[Problem to solve]
After removing every image, reproduce the data exactly as it appears.

[Supplied data]

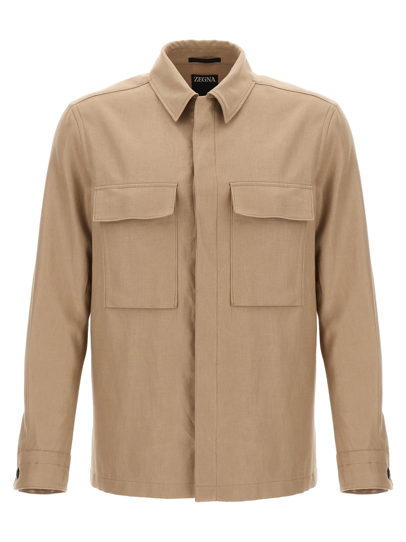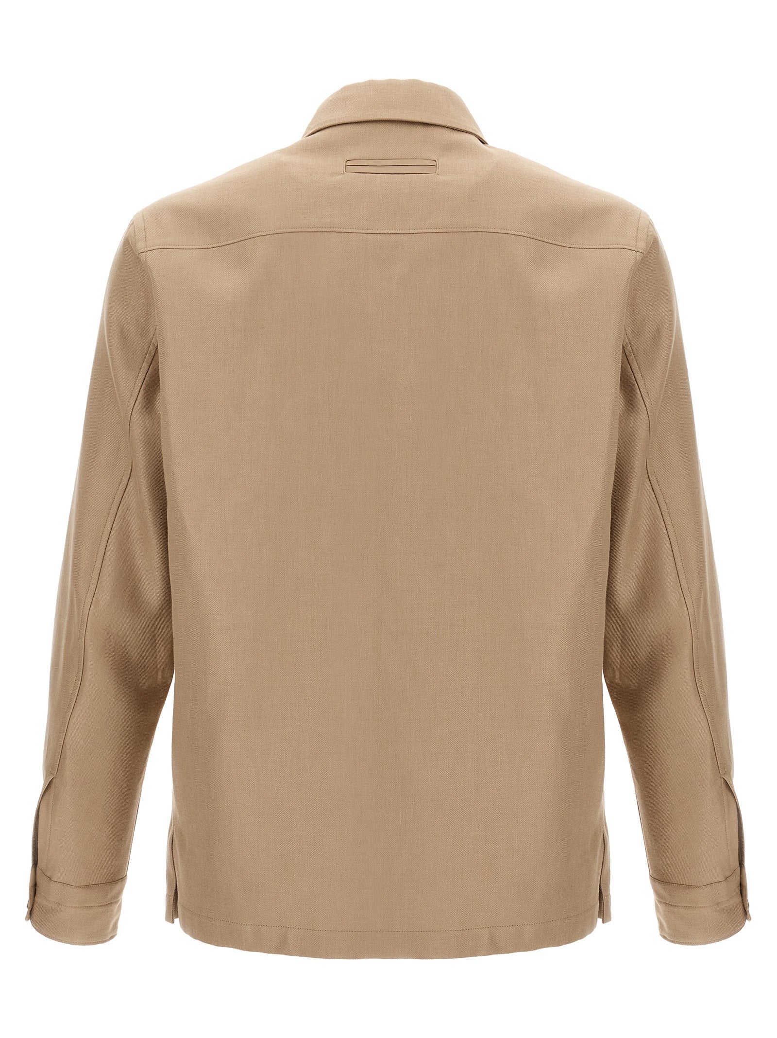Leinenoase Overshirt, innere Membran, versteckte Schließe vorne, Taschen, lange Manschettenärmel, Seitenschlitze, Ton-auf-Ton-Leder-Details auf der Rückseite.
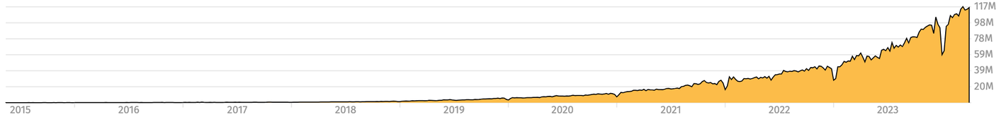 crates.io 目前单天下载量在 1.44 亿,超过了自 2015 年 5 月发布 Rust 1.0 以来到 2022 年的总下载量,其生态从 2020 年起,每年下载量以 1.7 倍速度增长。
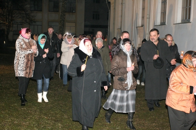 "Kristus ir augšāmcēlies", Tukuma sv. Nikolaja pareizticīgo draudzei un svētbrīdī klātesošajiem pavēstīja mācītājs Tēvs Joans. Dievkalpjums notika pusnaktī no sestdienas uz svētdienu. Ļaudis aizlūdza par Kristus ciešanām. Svētku procesija trīs reizes apgāja apkārt dievnamam. Viens otru sveica. Sev līdzi uz mājām aiznesa pasvētītos ēdienus un dzērienus.
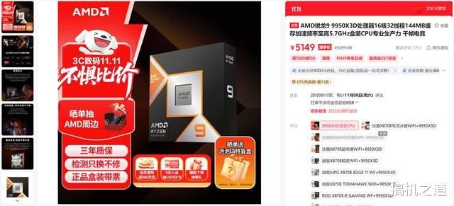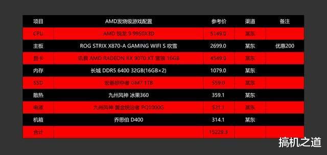 其实上面那套配置有点偏性价比向,如果玩家对性能有更高要求,那么果断上AMD 锐龙 9 9950X3D+ROG STRIX X870-A GAMING WIFI S 吹雪+RX 9070 XT吧,这套配置不仅可以在2160P分辨率下畅玩市面上大多数游戏大作,而且生产力和AI性能也十分不俗。

[Task output]
Leinenoase Overshirt, innere Membran, versteckte Schließe vorne, Taschen, lange Manschettenärmel, Seitenschlitze, Ton-auf-Ton-Leder-Details auf der Rückseite.
 crates.io 目前单天下载量在 1.44 亿,超过了自 2015 年 5 月发布 Rust 1.0 以来到 2022 年的总下载量,其生态从 2020 年起,每年下载量以 1.7 倍速度增长。
 "Kristus ir augšāmcēlies", Tukuma sv. Nikolaja pareizticīgo draudzei un svētbrīdī klātesošajiem pavēstīja mācītājs Tēvs Joans. Dievkalpjums notika pusnaktī no sestdienas uz svētdienu. Ļaudis aizlūdza par Kristus ciešanām. Svētku procesija trīs reizes apgāja apkārt dievnamam. Viens otru sveica. Sev līdzi uz mājām aiznesa pasvētītos ēdienus un dzērienus.
 其实上面那套配置有点偏性价比向,如果玩家对性能有更高要求,那么果断上AMD 锐龙 9 9950X3D+ROG STRIX X870-A GAMING WIFI S 吹雪+RX 9070 XT吧,这套配置不仅可以在2160P分辨率下畅玩市面上大多数游戏大作,而且生产力和AI性能也十分不俗。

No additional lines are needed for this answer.